Athletic facility in Chicago, Illinois

University of Chicago Gymnasium is a former athletic facility on the campus of the University of Chicago in Chicago, Illinois, United States, that was demolished in 1904.

==Construction==
Made from rough brick, construction of the building took place between October, 1891 and August, 1892 on land owned by the university. The cost of construction was approximately $18,000. The gymnasium was built with two divisions in order to separate activities devoted to men and women. The women's gymnasium was 100 feet by 50 feet, of which a portion was devoted to a locker room with dressing rooms and an office. The men's gymnasium was 200 feet by 50 feet and filled with equipment in order to train for baseball and track and field as well as handball courts, a tennis court and a one-twelfth of a mile track for running. The men's gymnasium also contained approximately 500 lockers.
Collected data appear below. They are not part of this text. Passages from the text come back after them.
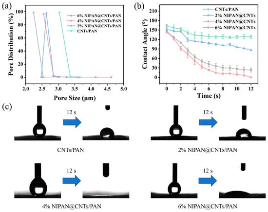 (a) Pore distribution and (b) time-varying water contact angles for CNTs/PAN and NIPAN@CNTs/PAN membranes with different NIPAN content. (c) Digital images for CNTs/PAN and NIPAN@CNTs/PAN membranes with different NIPAN content at initial and 12 s later.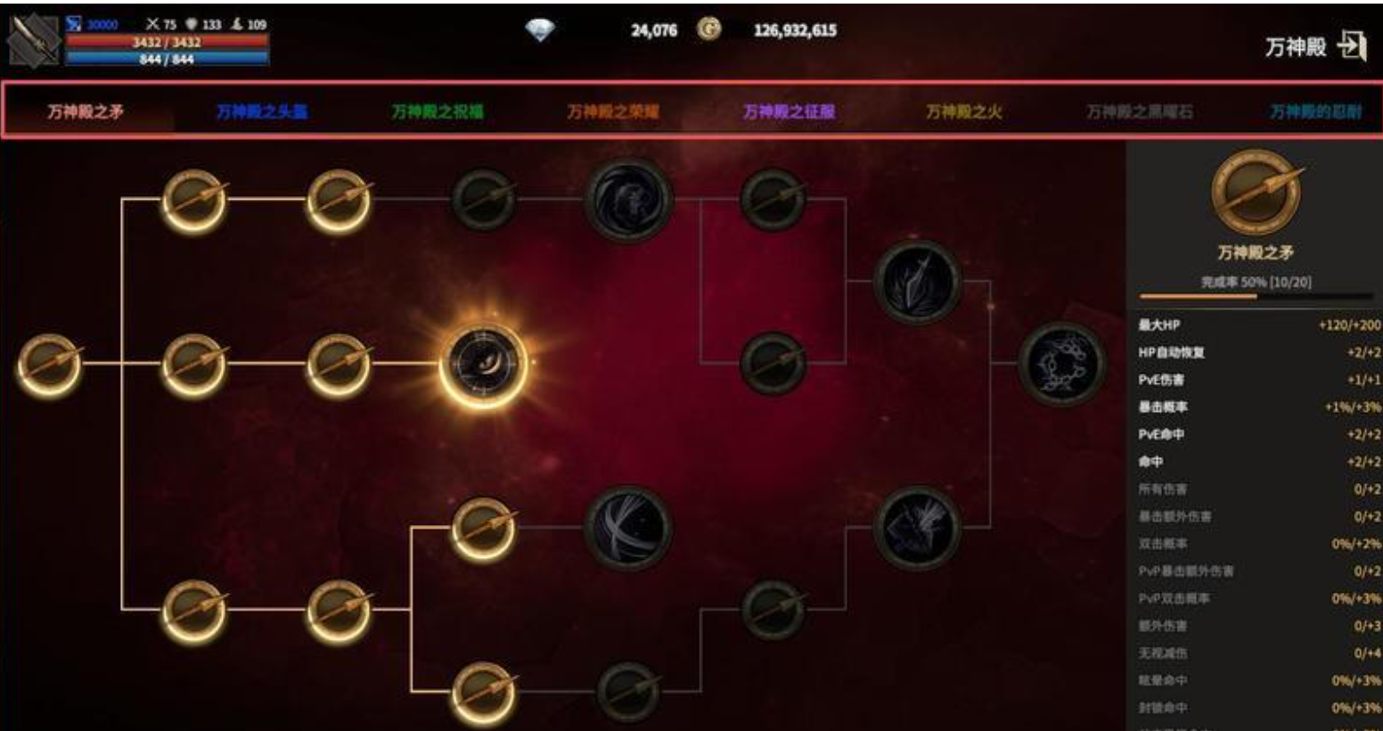 圣物升级与升星是中小额度投入玩家提升面板战力的核心路径:升级直接提升各项基础属性数值,升星则累积进度并激活暴击率加成,二者协同作用带来可观的综合收益;而神像系统侧重于技能效果强化,虽不增加直接战力数值,却能深度优化副本流程体验与PVE/PVP战斗策略选择。新手建议优先激活“万神之矛”与“星星之火”两条路径,快速建立输出优势;偏重防御的玩家可优先配置“万神殿头盔”,功能向玩家则推荐“万神殿祝福”路线;中后期可根据竞技场匹配需求,逐步拓展其他神像分支,实现多场景下的战力全覆盖。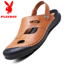 花花公子男鞋夏季男士凉鞋包头休闲鞋牛皮沙滩鞋男真皮厚底凉拖鞋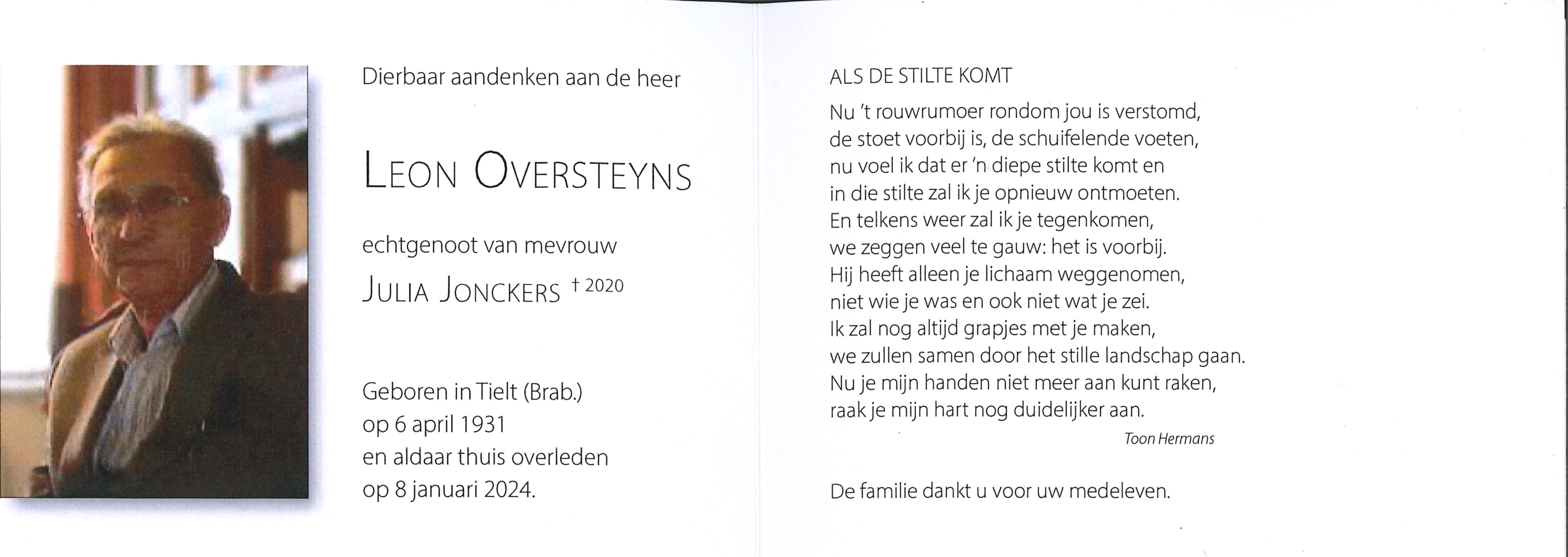 - Beschrijvingdoodsprentje Leon Oversteyns echtgenoot van Julia Jonckers (+2020), °Tielt Brabant, 6/4/1931 en thuis +8/1/2024, oud ondersecretaris gemeente Tielt-Winge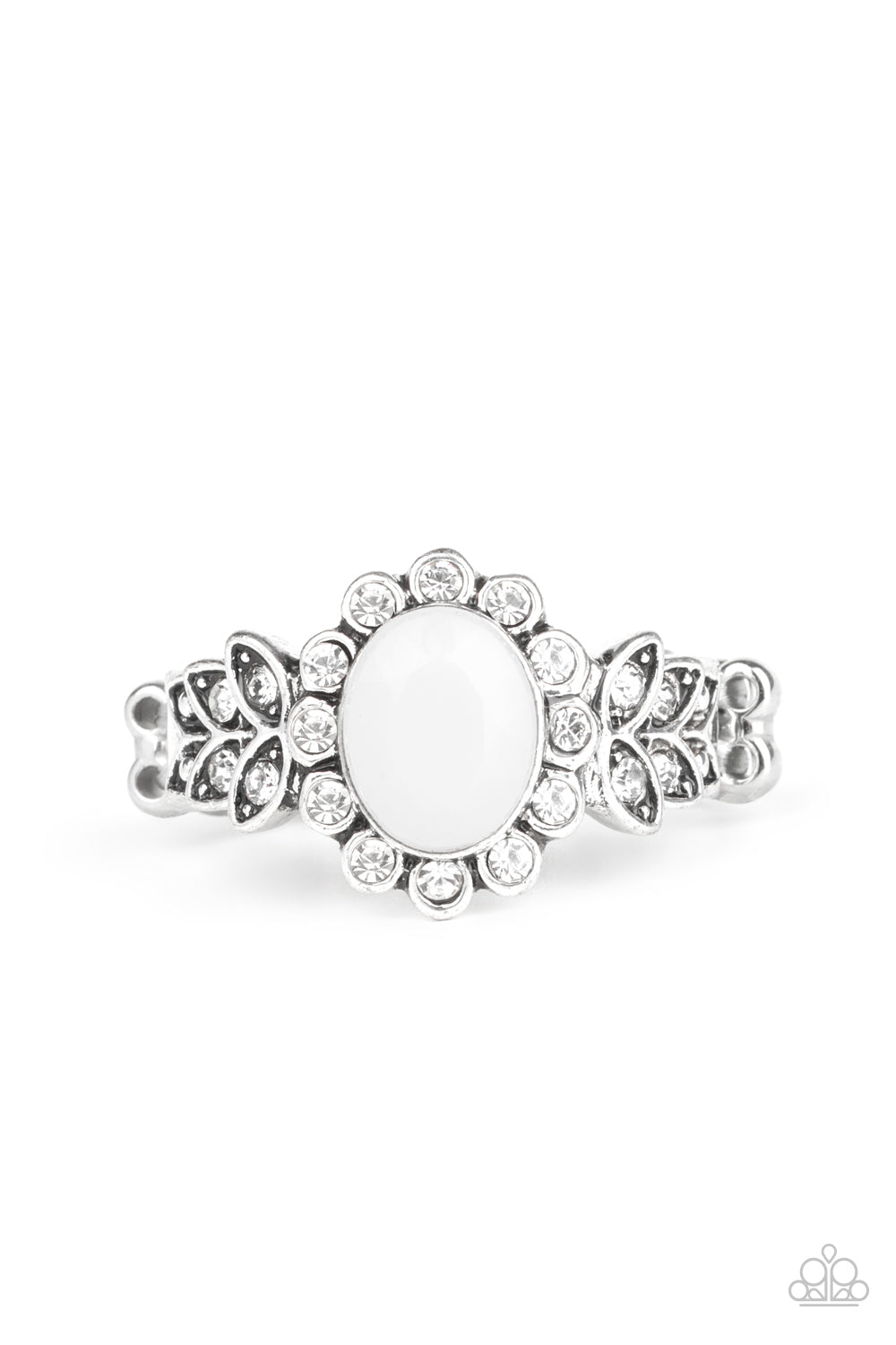 Encrusted in glittery white rhinestone petals, a dainty white bead is pressed into a leafy silver frame dazzling with white rhinestone accents. Features a dainty stretchy band for a flexible fit.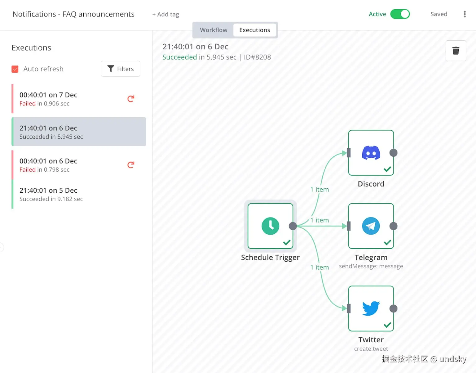 - 当触发条件满足时(时间到了、Webhook 被调用、收到新事件等),工作流会自动运行。4. 需要暂停时,再切回 Inactive,就不会再自动触发。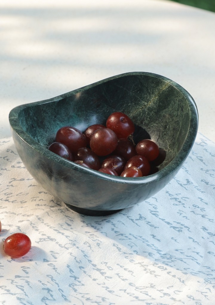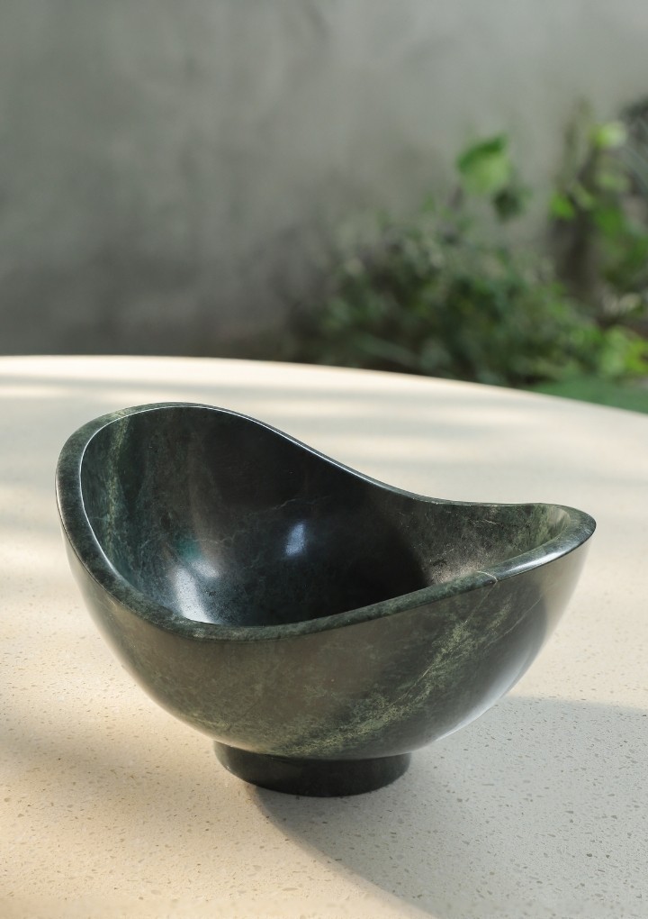 This highly functional bowl is perfect for your coffee table or kitchen. Maintenance free, can be used to keep fruits, pebbles, flowers, party appetisers. Handcrafted to perfection in natural green stone adding vibrant colour to your space. Its unique design will bring elegance to your table.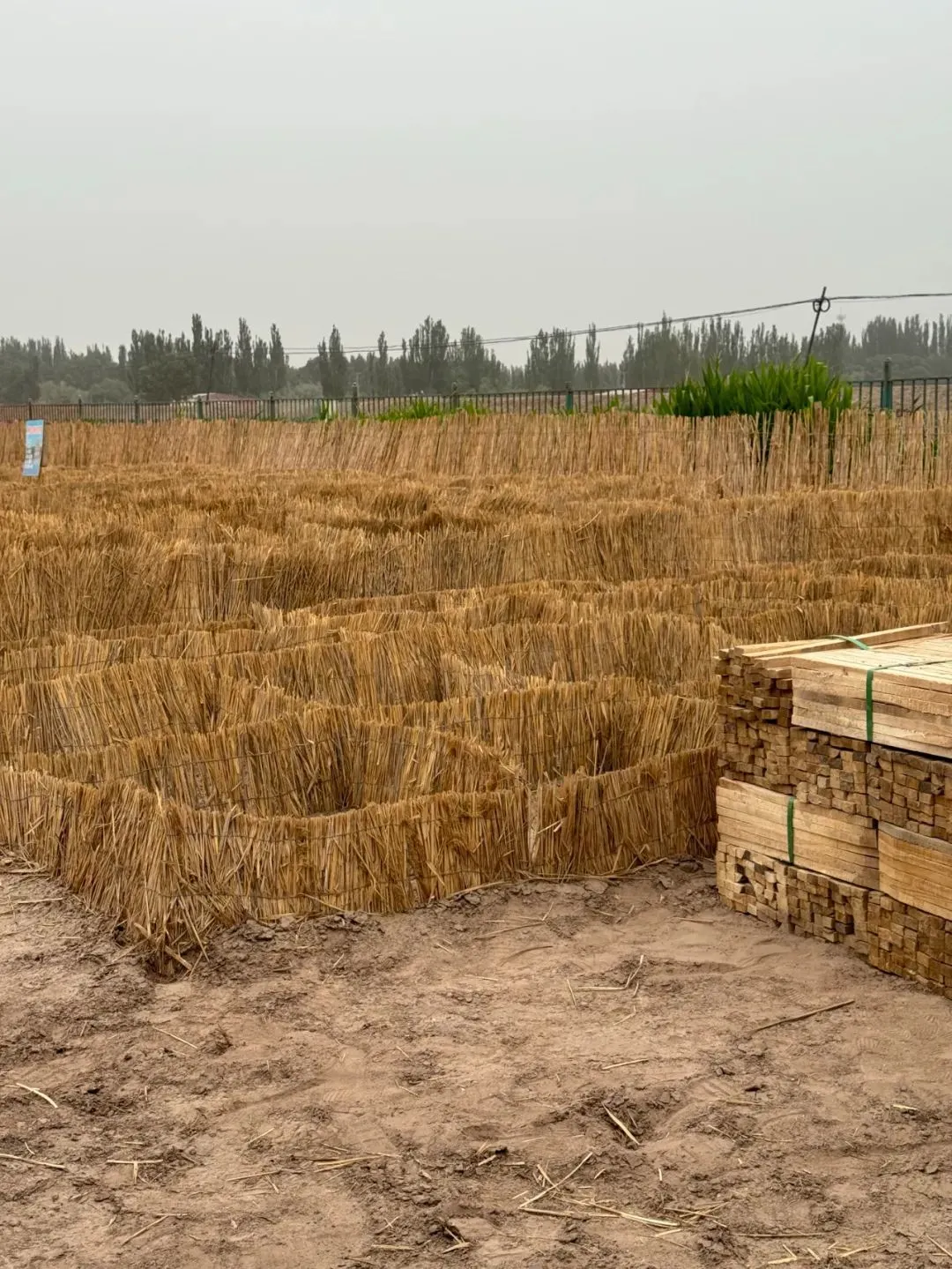 蘆葦加工廠內,用蘆葦杆製成的草方格,廢舊蘆葦成為防沙治沙的新材料

The primary use for the gymnasium was a location that could be utilized for men's and women's physical education courses as well as being the facility for the Chicago Maroons men's basketball team to compete. The building also included a special room above the gym for physical examinations of students as well as a library room to maintain select books.

===Temporary usage===
The gymnasium was constructed to be a temporary structure with full knowledge that a permanent facility would be built. The university developed a plan to have a facility that would be a combination of a gymnasium and a diminutive athletic field under one roof. On Thanksgiving Day, 1901, the cornerstone of the Bartlett Memorial Gymnasium was laid during a ceremony.

On Friday, January 29, 1904, the formal opening of the Frank Dickinson Bartlett Gymnasium took place in front of 1,000 friends of the university, which included members of the faculty, alumni, student body, and university trustees. The dedication ceremony took place immediately following the annual football dinner hosted by President Harper.